Было оно, к счастью, урожайным и медоносным. Казалось, природа хотела доказать людям, что ей безразличны их кровавые дела, бессмысленная война и она по-прежнему, что бы ни случилось, остается щедрой.
Где-то лилась кровь, смерть собирала обильную жатву, а природа разостлала по земле пышный ковер цветов и трав, развесила звонкие хлебные колосья и плоды, всюду, где только могла родить земля.
Повеселел мой отец, подобрела мать.

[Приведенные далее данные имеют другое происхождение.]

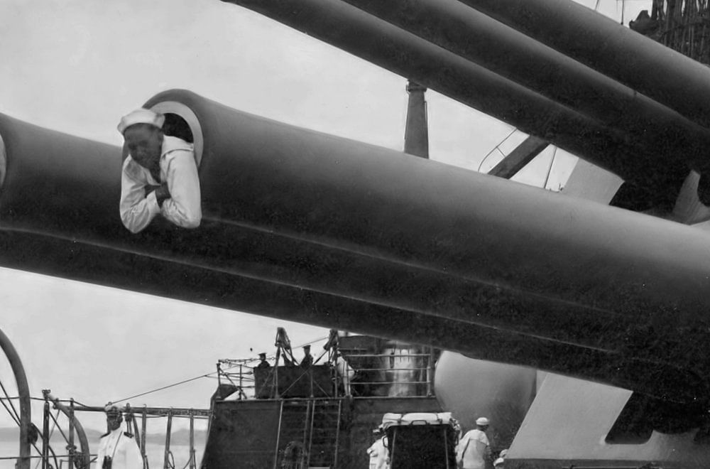 Marineschiff aus dem Ersten Weltkrieg. Die Basis des Krieges ist hier mit einer Reihe von Matrosen in den Rohren. Das amerikanische Kriegsschiff ist hier in Schwarzweiß dargestellt.

И хотя у нас было ульев немного, отец сумел не только откачать десятка полтора пудов меда, но и оставить в запас для подкормки слабых семей и вновь прирастить пасеку до двадцати новых уютных пчелиных домиков.
Это лето было и для меня необычным. Я находился в состоянии необъяснимой восторженности. В душе то и дело начинали петь то ликующие, то тревожные неясные голоса.

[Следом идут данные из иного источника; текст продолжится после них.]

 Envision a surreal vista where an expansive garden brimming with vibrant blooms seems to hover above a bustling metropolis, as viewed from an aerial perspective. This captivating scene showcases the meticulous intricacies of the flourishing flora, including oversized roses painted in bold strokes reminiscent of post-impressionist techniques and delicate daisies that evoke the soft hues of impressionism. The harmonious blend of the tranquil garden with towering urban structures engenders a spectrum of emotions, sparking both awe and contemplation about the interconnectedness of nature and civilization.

Иногда я садился за наш кособокий стол и выписывал в в школьную тетрадь или просто на клочок бумаги сочетания слов и целые фразы, отзвуки тех, что западали в душу при чтении. Слова играли во мне, как пенная брага, роились и звенели, подобно пчелам…

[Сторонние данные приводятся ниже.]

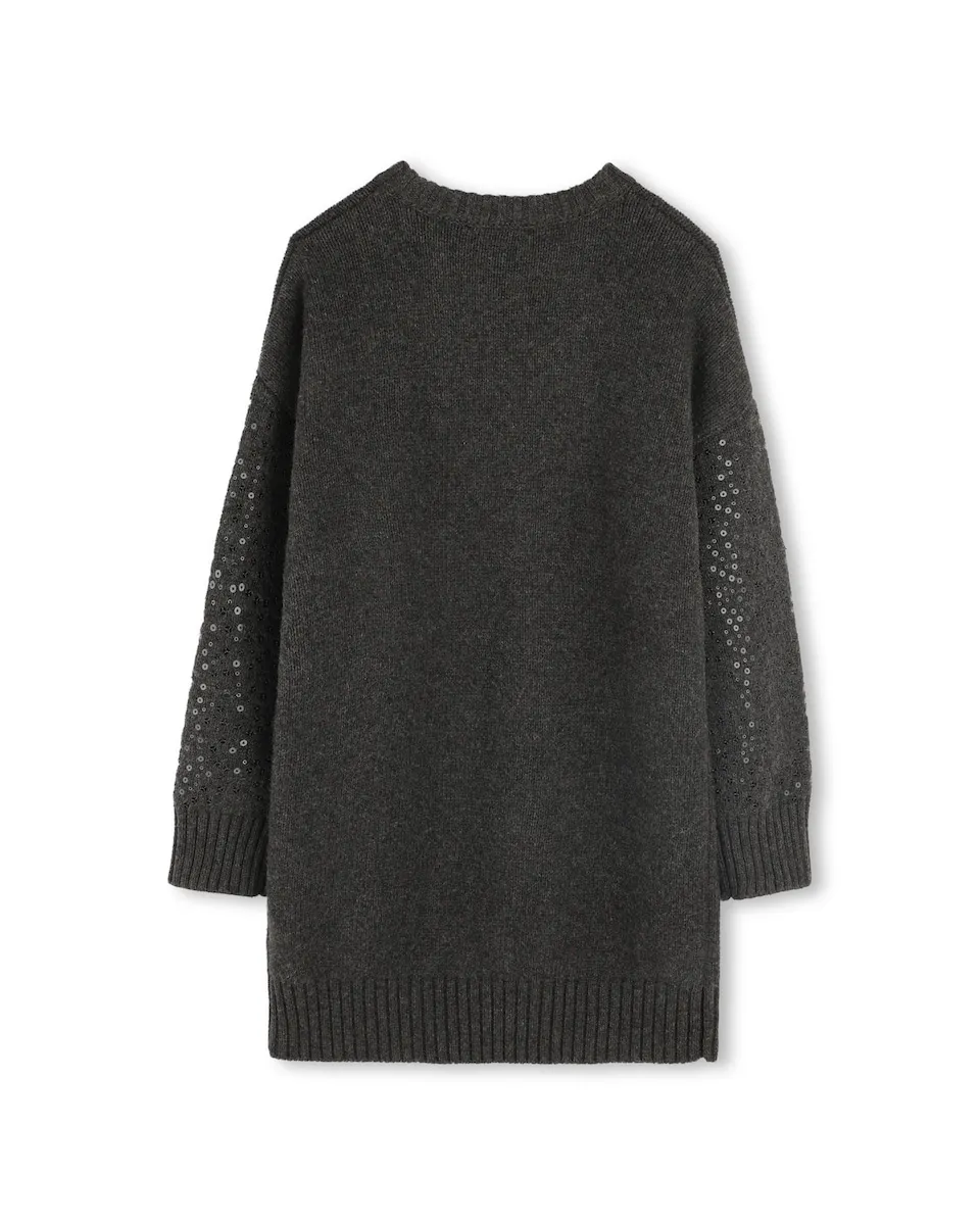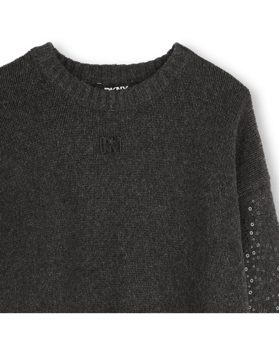 Элегантное и современное, это трикотажное платье DKNY Mini-me идеально подходит для стильного образа. Сшитое из смеси хлопка, полиамида и шерсти, оно обеспечивает комфорт и мягкость. Вышитые блестки на рукавах добавляют сияющий акцент, а металлическая пластина на передней части придает изысканную деталь этому элегантному и практичному дизайну.

Начиная с весны мы много работали с отцом в хуторских садах. Я лазил по деревьям и пилой-ножовкой отпиливал сухие ветки. Мои ладони покрывались саднящими мозолями. От апрельского солнца и южного ветра кожа на лице потемнела, а на губах насыхала сладковатая корочка. Я чувствовал себя намного старше, сильнее.
Как-то я встретился с Иваном Роговым. Он недавно вернулся из города, где работал с дедом и дядей Афанасием в плотничьей артели. За год он вымахал в здоровенного, плечистого парня, ребячий голос его сломался и превратился в мужской бубнящий бас, на губе появилась белесая поросль. Как всегда, он начал хвастать своими мускулами и будто бы настоящей борцовской силой.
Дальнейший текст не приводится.